Tres causas de muerte
El antiguo rector del noviciado de
Hiroshima dice que en la ciudad no hubo pánico el 6 de agosto de 1945. La
población recibió la catástrofe con su indolente fatalismo oriental. Los
sobrevivientes se desplazaron hacia el agua no en busca de refrigeración -que
es una creencia generalizada- sino en busca de un lugar donde estuvieran a
salvo de las llamas.
Resulta imposible establecer por la
experiencia de Hiroshima, los verdaderos efectos de la bomba atómica. El lugar
donde estalló -a 600 metros de altura, pues fue lanzada en paracaídas- era el
centro geográfico y al mismo tiempo el centro comercial de la ciudad. En torno
a ese centro, en una área de dos kilómetros y medio, los habitantes fueron
víctimas inmediatas de la radioactividad, el calor y la explosión. En el área
de dos kilómetros y medio en torno al centro de radioactividad, fueron víctimas
de las reacciones térmicas y de la explosión. De allí en adelante, en un área
de seis kilómetros en la cual se encontraba el noviciado de la Compañía de
Jesús, las víctimas fueron ocasionadas exclusivamente por la explosión.
La huella de un hombre
El padre Arrupe opina que ninguna de las
personas penetraron el área de radioactividad después de la explosión sufrieron
trastornos físicos o mentales posteriores.

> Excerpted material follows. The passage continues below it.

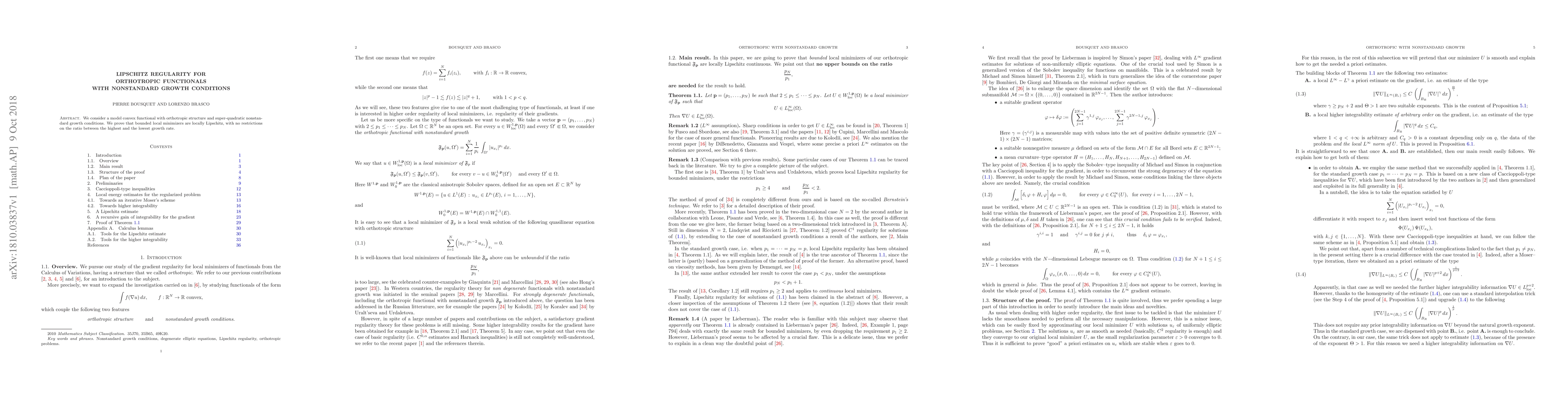 Summary: This paper investigates convex functionals with orthotropic and nonstandard super-quadratic growth conditions, proving that bounded local minimizers exhibit local Lipschitz regularity without constraints on the growth rate ratios.

Él mismo penetró esa área seis horas
después de la catástrofe, sin sufrir ninguna perturbación, pues el cabello que
ahora le falta -aclara sonriente- se ha desprendido de su cabeza por causas
diferentes a la radioactividad.
En el área de explosión hubo considerable
cantidad de víctimas, ocasionadas por los escombros y los cristales esparcidos.

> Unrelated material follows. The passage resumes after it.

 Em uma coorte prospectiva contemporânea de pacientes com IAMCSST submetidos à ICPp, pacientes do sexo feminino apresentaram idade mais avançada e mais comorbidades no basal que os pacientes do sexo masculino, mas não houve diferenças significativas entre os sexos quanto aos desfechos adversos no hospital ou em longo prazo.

En cambio, en el centro mismo de la explosión, en el área radioactiva, seis
sacerdotes que se encontraban en la sede de la parroquia -un edificio de
concreto-resultaron ilesos. Solo uno de ellos presentó más tarde trastornos
físicos ocasionados por la radioactividad. En el edificio del banco de Osaka
quedó estampada en la pared la silueta de un obrero que en el instante de la
explosión ascendía por la escalera.
Hoy
La recuperación moral de Hiroshima fue
casi inmediata. Al día siguiente de la catástrofe empezaron a recibirse
auxilios de las ciudades vecinas. Durante seis días cada sobreviviente recibió
una escudilla con 150 gramos de arroz. La fortaleza moral del pueblo fue
superior a la bárbara y despiadada experiencia atómica. En menos de una semana
se cremaron los cadáveres, se organizó a los sobrevivientes, se improvisaron
los hospitales y se identificó a los millares de niños que quedaron a la
deriva.
A fines de ese año la ciudad estaba
rudimentaria pero totalmente reconstruida. Los escombros había sido removidos y
las casas fabricadas de nuevo con latas de conserva, papel periódico y
desperdicios la catástrofe. Desde el trágico 6 de agosto hasta el momento
actual, ha sido reconstruida tres veces. La segunda vez fue de madera. En la
actualidad, y en virtud de una ley japonesa que ordena que sea construida en
concreto toda casa con más de dos plantas, la ciudad está completamente
modernizada, y tiene la calle más ancha del mundo: más de cien metros. Pero
para transitar por esa calle hacen falta las 240.000 personas que murieron en
la explosión.
Publicado en 1955 en el periódico “El Espectador” de Bogotá.